Command completed. Elapsed time: 6:45:54. Running peak memory: 3.523GB.
PID: 29705; Command: bowtie2; Return code: 0; Memory used: 3.523GB
PID: 29733; Command: samtools; Return code: 0; Memory used: 0.01GB
PID: 29736; Command: samtools; Return code: 0; Memory used: 0.913GB

samtools view -b -q 10 -@ 1 -U /wynton/scratch/veexu/az_ATAC_hLung_20231115/run_11_pepatac_hg38_fail_qc.bam -f 2 /wynton/scratch/veexu/az_ATAC_hLung_20231115/run_11_pepatac_hg38_temp.bam > /wynton/scratch/veexu/az_ATAC_hLung_20231115/run_11_pepatac_hg38_sort.bam (236463)


Command completed. Elapsed time: 0:06:56. Running peak memory: 3.523GB.
PID: 236463; Command: samtools; Return code: 0; Memory used: 0.013GB

Missing stat 'Raw_reads' Traceback (most recent call last): File "/wynton/home/alexanian/veexu/env_py3.10b/pepatac/pipelines/pepatac.py", line 2788, in sys.exit(main()) File "/wynton/home/alexanian/veexu/env_py3.10b/pepatac/pipelines/pepatac.py", line 1114, in main pm.run([cmd, cmd2], rmdup_bam, follow=check_alignment_genome) File "/wynton/home/alexanian/veexu/env_py3.10b/lib/python3.10/site-packages/pypiper/manager.py", line 1090, in run call_follow() File "/wynton/home/alexanian/veexu/env_py3.10b/lib/python3.10/site-packages/pypiper/manager.py", line 944, in call_follow follow() File "/wynton/home/alexanian/veexu/env_py3.10b/pepatac/pipelines/pepatac.py", line 1103, in check_alignment_genome rr = float(pm.get_stat("Raw_reads")) TypeError: float() argument must be a string or a real number, not 'NoneType' Child process 15656 (perl) was already terminated. Starting cleanup: 3 files; 3 conditional files for cleanup

Cleaning up flagged intermediate files. . .

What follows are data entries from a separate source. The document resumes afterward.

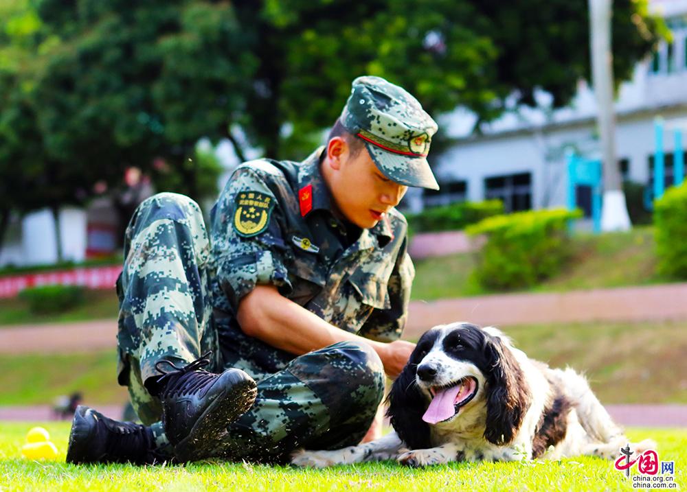 警犬训导员与警犬尔杰坐在草地上小憩。廖键 摄
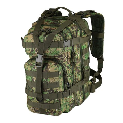 Prepracovaný ruksak typu Assault s 2 hlavnými priestormi, ktoré sú uzatvárateľné na 2-cestné zipsy. Z prednej strany nájdete aj jeden menší a jeden väčší priestor, oba taktiež uzatvárateľné na zips. Zo zadnej časti je priestor na hydrovak. Niektoré z priehradok obsahujú aj členenie ako organizátor, či sieťka.
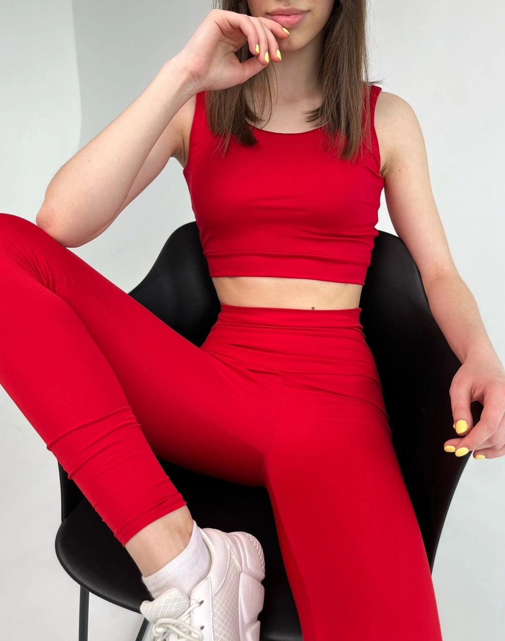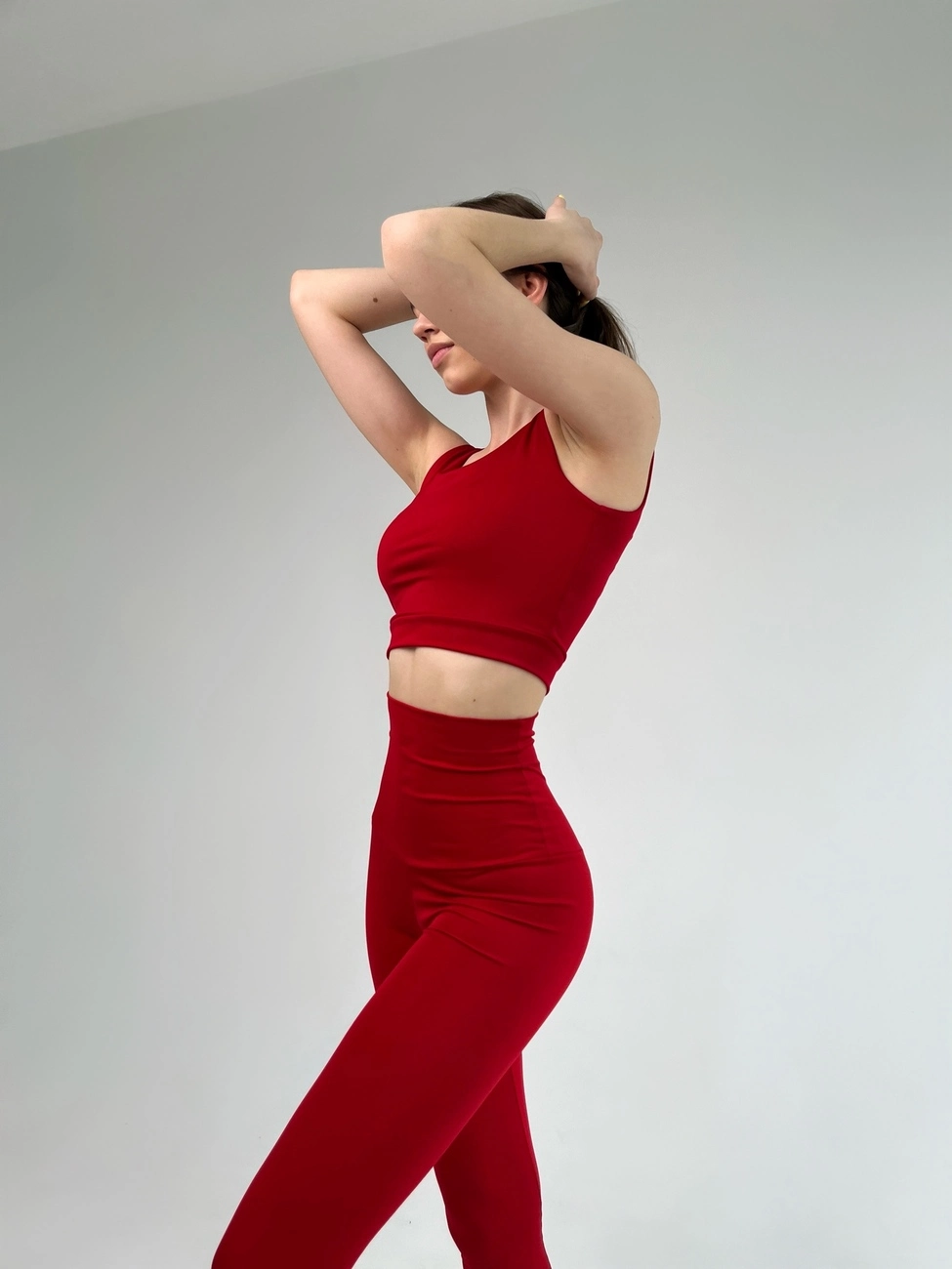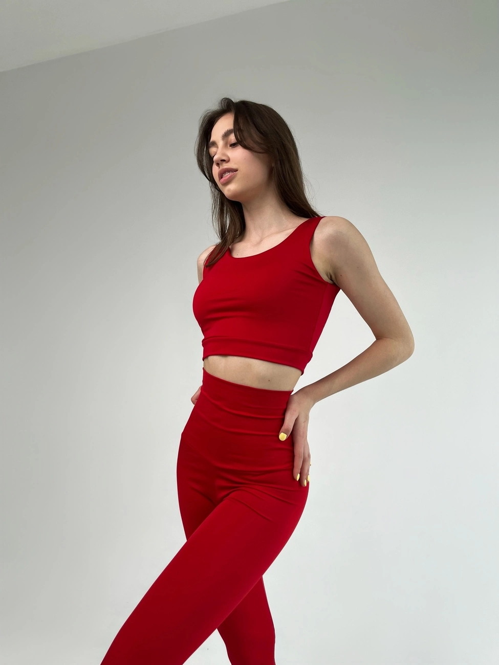 Топ-майка червоного кольору. Завдяки тісному переплетінню волокон матеріалу, топ майже неможливо порвати, а через пори тканини проходить повітря, тому шкіра може дихати. В ньому можна спокійно займатися спортом, адже тканина відштовхує не лише вологу, а й бруд - вони завжди виглядають, наче тільки-но вдягнуті! Через високу водовідштовхувальну властивість матеріалу, на ньому не залишається слідів поту.
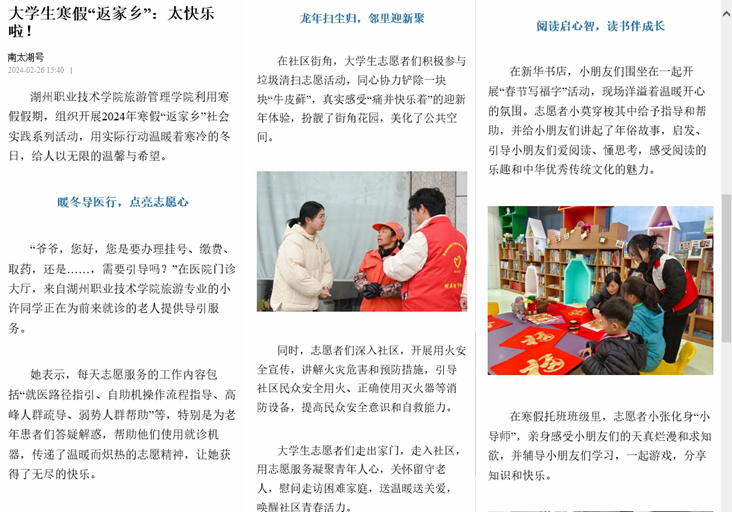 2024年2月26日《南太湖号》报道了我校旅游管理学院大学生寒假社会实践活动的相关新闻。
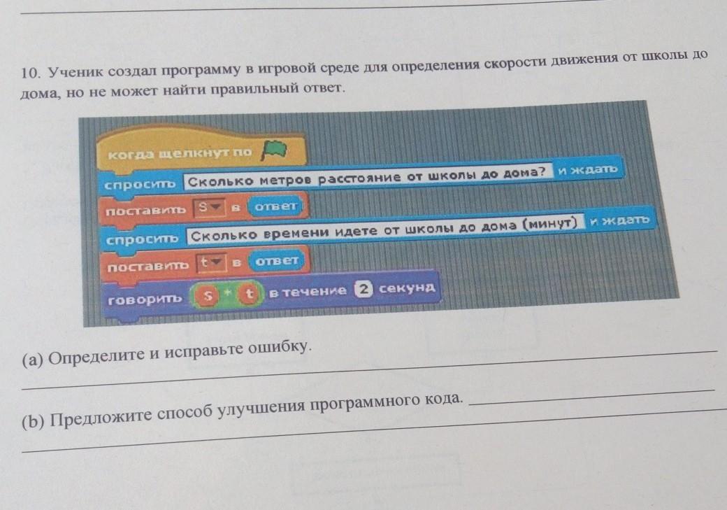 ученик создал программу в игровой среде для определения скорости движения от школы до дома, но не может найти правильный ответ
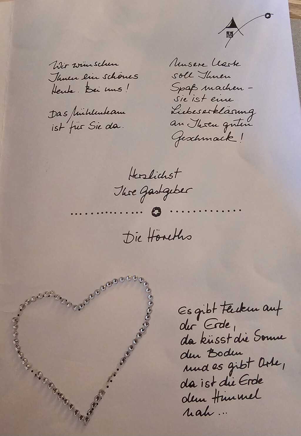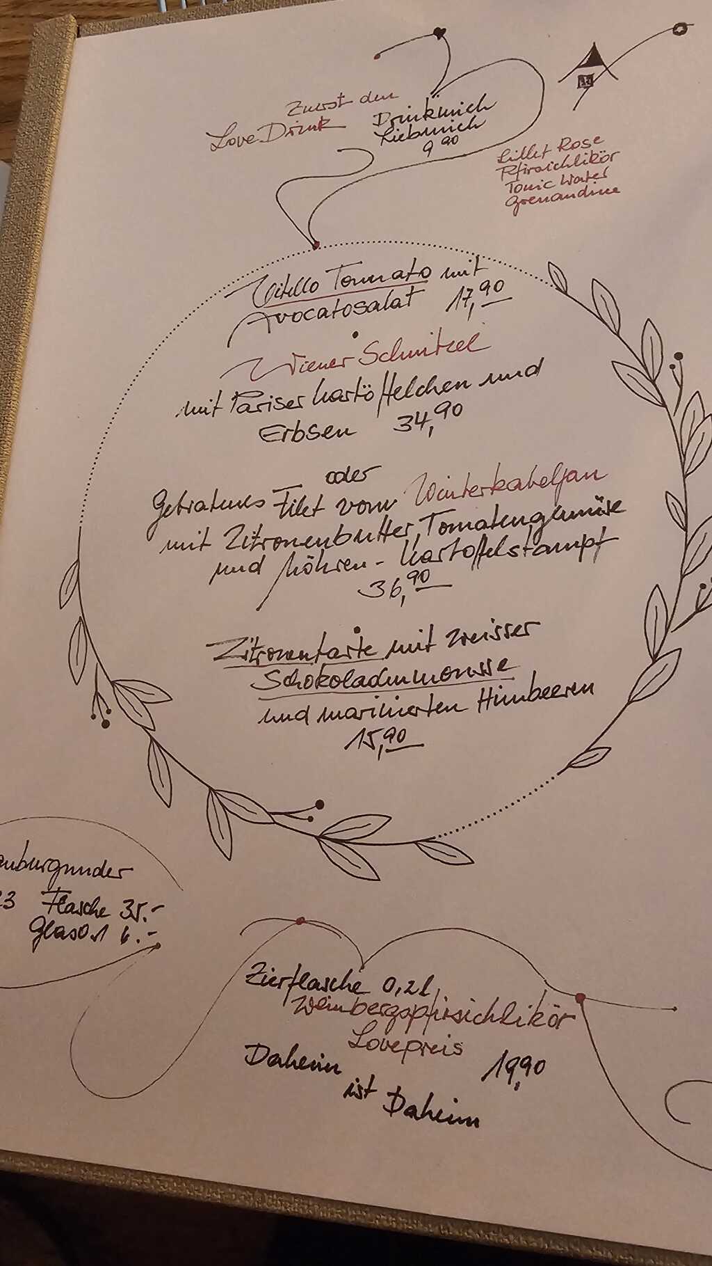 Begrüßung auf der Speisekarte

Conditional flag found: []

These conditional files were left in place:

Pipeline failed at: (12-28 01:05:07) elapsed: 24867.0 TIME

Total time: 8:26:03 Failure reason: Pipeline failure. See details above. Exception ignored in atexit callback: <bound method PipelineManager._exit_handler of <pypiper.manager.PipelineManager object at 0x1467b8e49930>> Traceback (most recent call last): File "/wynton/home/alexanian/veexu/env_py3.10b/lib/python3.10/site-packages/pypiper/manager.py", line 2218, in _exit_handler self.fail_pipeline(Exception("Pipeline failure. See details above.")) File "/wynton/home/alexanian/veexu/env_py3.10b/lib/python3.10/site-packages/pypiper/manager.py", line 2062, in fail_pipeline raise exc Exception: Pipeline failure. See details above.

donaldcampbelljr commented 6 months ago

Hello @Herais,

Thank you for letting us know the alpha release is not working for you.

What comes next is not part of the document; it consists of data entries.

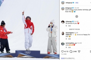 賽后蘇翊鳴更新ins,曬出自己在領(lǐng)獎臺單手指天的照片,并配文寫道:“無法想象還有比這個(gè)更棒的生日禮物!”
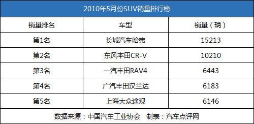 而其中最讓人欣慰的,還是SUV市場,5月份共銷售10.31萬輛,環(huán)比下降0.84%,同比增長1.1倍。我們不妨來看看銷量榜上的SUV前五名,他們占據(jù)了SUV總銷量的43%,可以說購買SUV的近一半消費者都選擇的是這5款車。
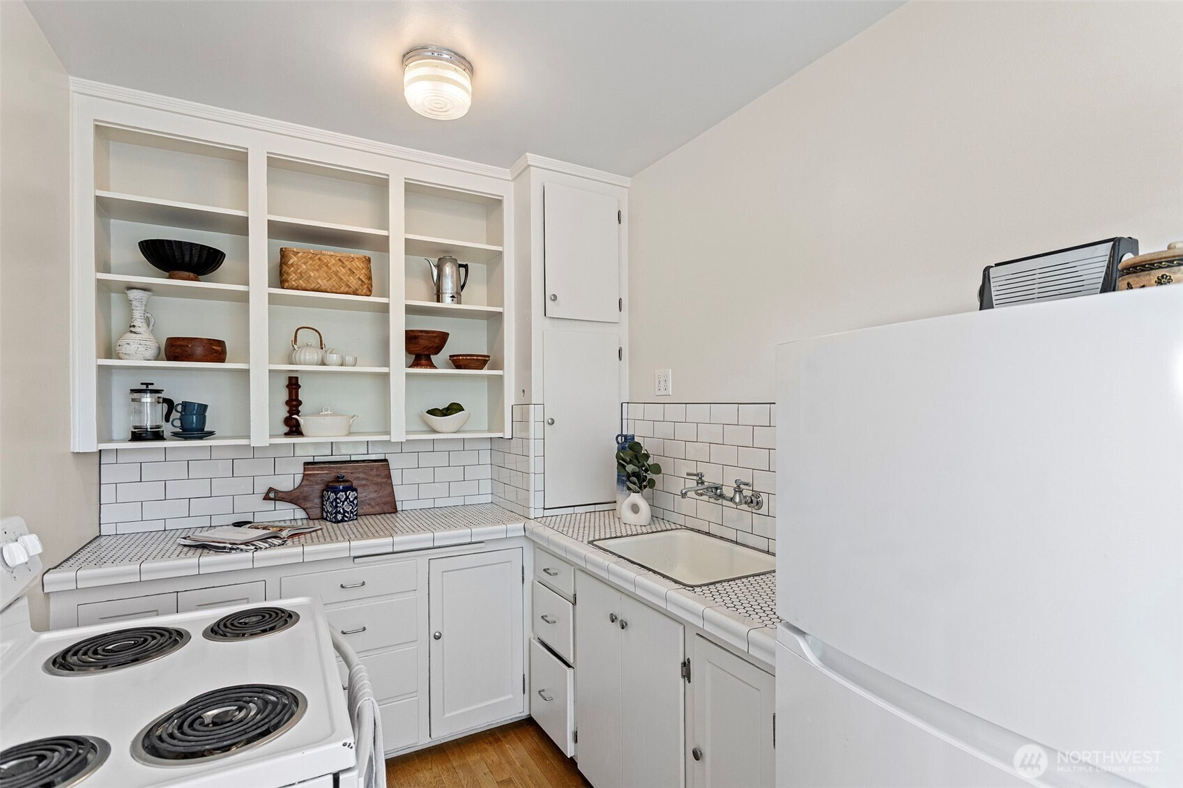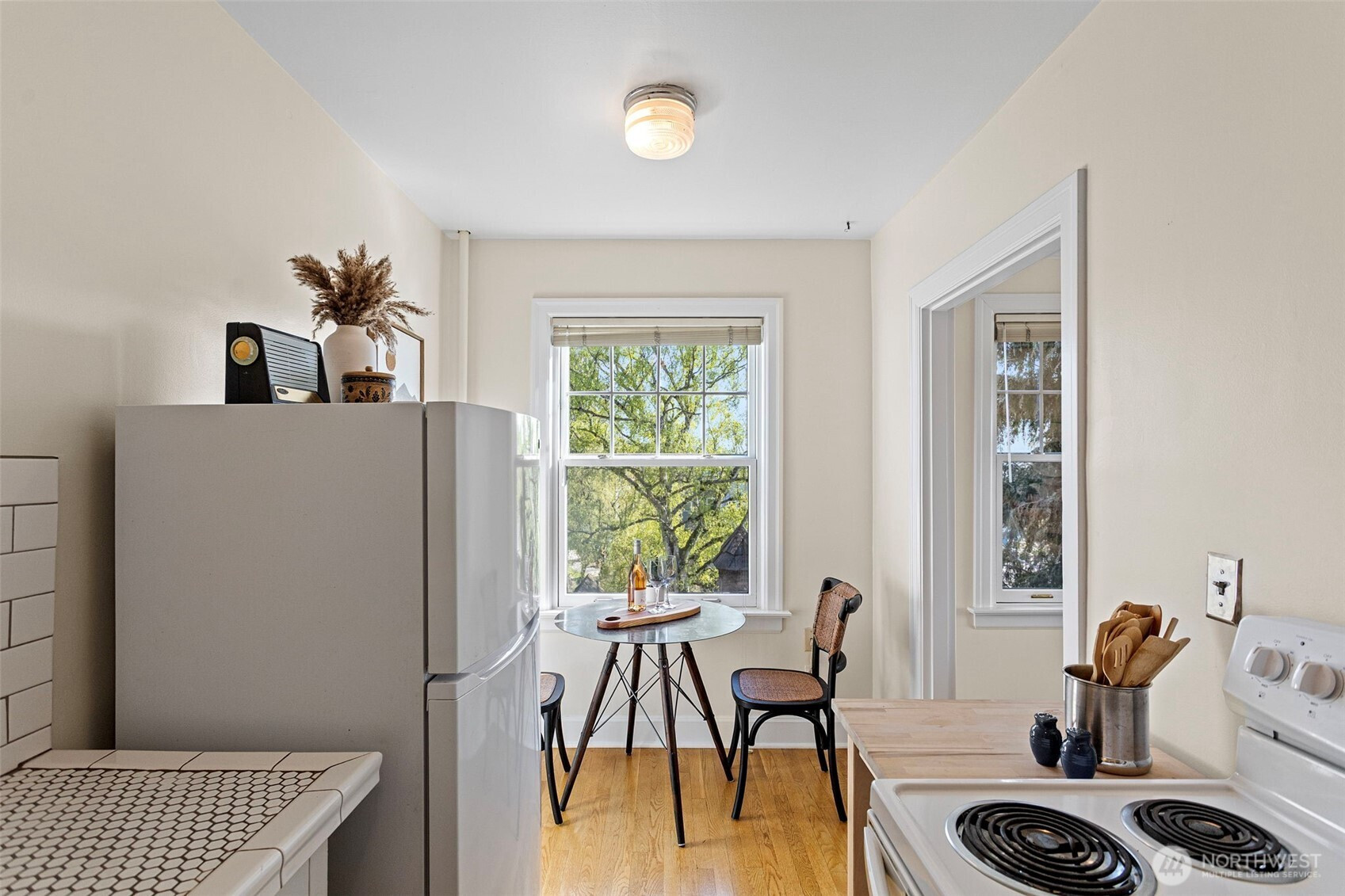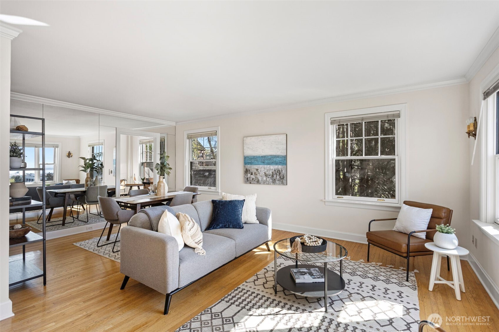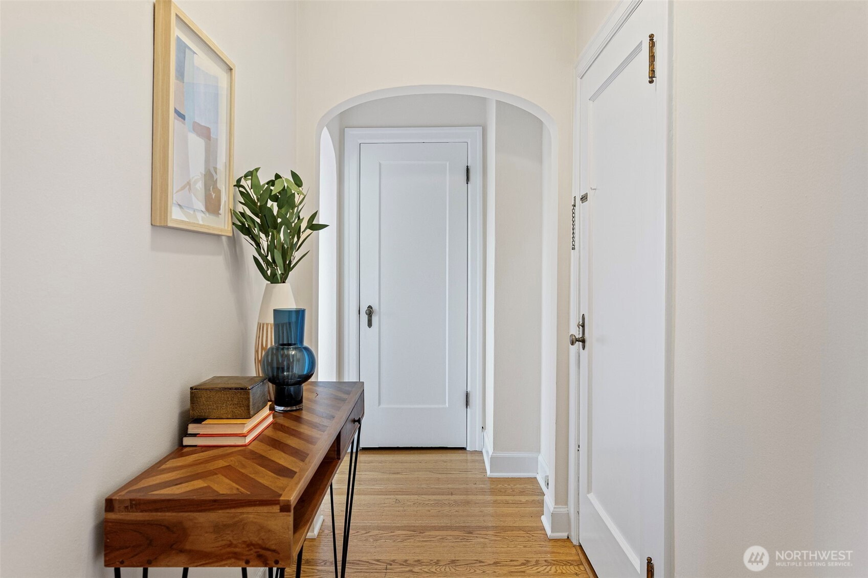 Experience the Bellemoral's “Gold Coast,” where abundant western light fills expansive windows, revealing inspired views of Lake Union, the Olympic Mountains, Elliott Bay, Seattle’s skyline, & beyond. Unit 304 is a spacious 711 sf, top-floor corner unit with just one shared wall. As you enter through the foyer, you’ll find a living & dining area featuring high ceilings, hardwood floors, an arched passage & a versatile alcove, & those views! The kitchen has tile countertops, ample cabinets, & an inviting eating area with a view of greenery & the city. Down the hall, you’ll discover a tiled bath with original floors, a pedestal sink & a relaxing tub. The generous bedroom offers a nicely sized closet and a peaceful outlook. Nestled in Capitol Hill’s Historic Harvard District, the 1927 Bellemoral Co-op is surrounded by beautiful homes. Everything you need is nearby: incredible restaurants, cafes, shops, Volunteer Park, groceries, schools, nightlife, transit, & light rail. Enjoy the convenience of monthly fees that cover all utilities except electricity, including taxes and insurance. Monthly fees include: HOA Fees & Taxes & Insurance. This well-managed building also features a resident caretaker. Cats & service dogs welcome. For those in need of parking, there is no waitlist for a garage spot, available for just $70 a month. Whether you seek vibrant activities or quieter moments, this location allows you to choose both for an ideal lifestyle.

We released new versions of PEPATAC (v0.11.0), Pypiper (0.14.0), Pipestat (0.6.0) and Looper (1.6.0) on Dec 22nd. I recommend doing a reinstall of those specific packages and trying again with the newest PEPATAC release.

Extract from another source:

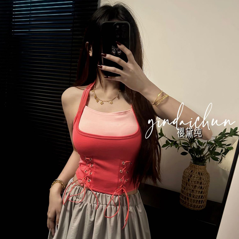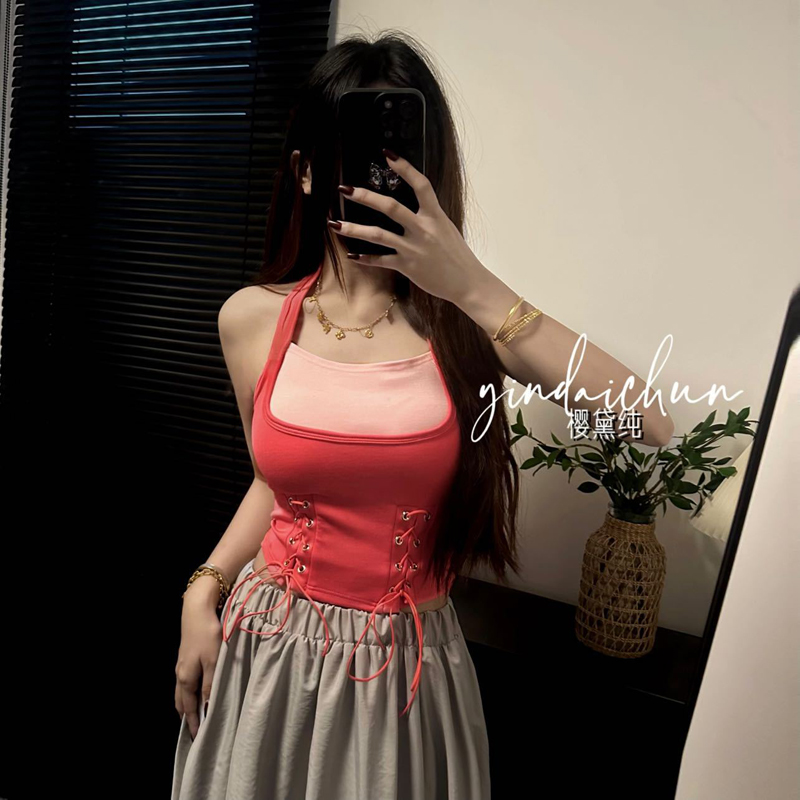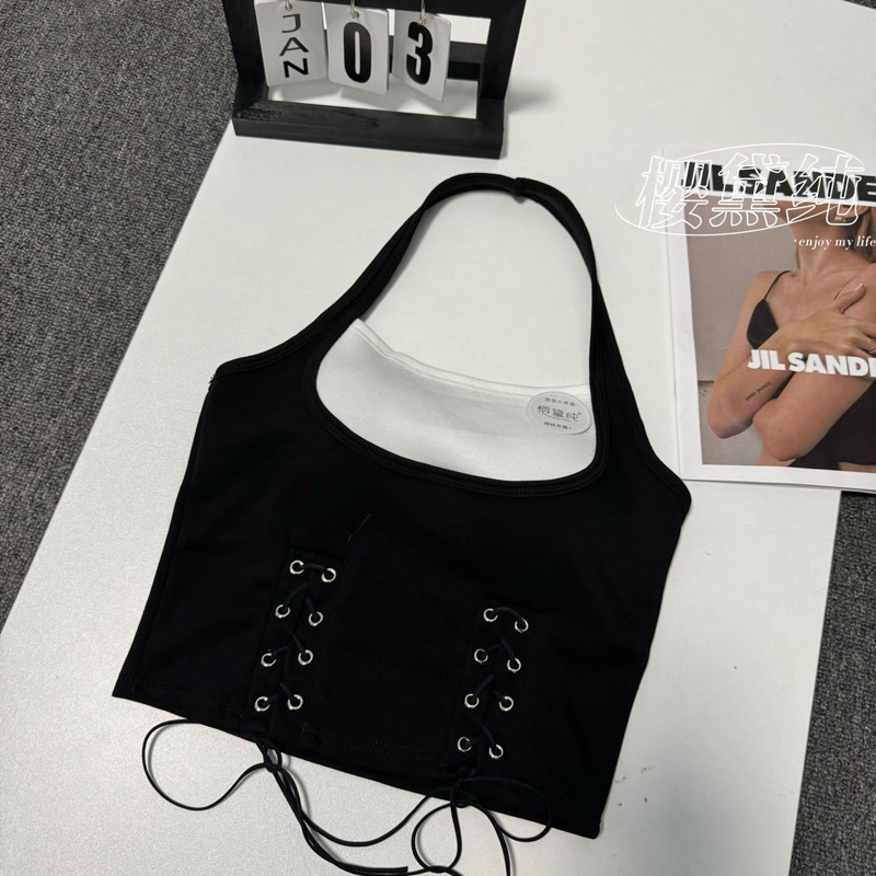 PF1020#大码女装吊带不规则背心遮肚性感辣妹修身外穿上衣带胸垫抹胸

Herais commented 6 months ago

Hello @Herais,

Thank you for letting us know the alpha release is not working for you.

We released new versions of PEPATAC (v0.11.0), Pypiper (0.14.0), Pipestat (0.6.0) and Looper (1.6.0) on Dec 22nd. I recommend doing a reinstall of those specific packages and trying again with the newest PEPATAC release.

Just to report that the pipeline worked great (running pepatac in native mode) after the suggested upgrades. Thanks!

donaldcampbelljr commented 5 months ago

Excellent. I will go ahead and close this issue.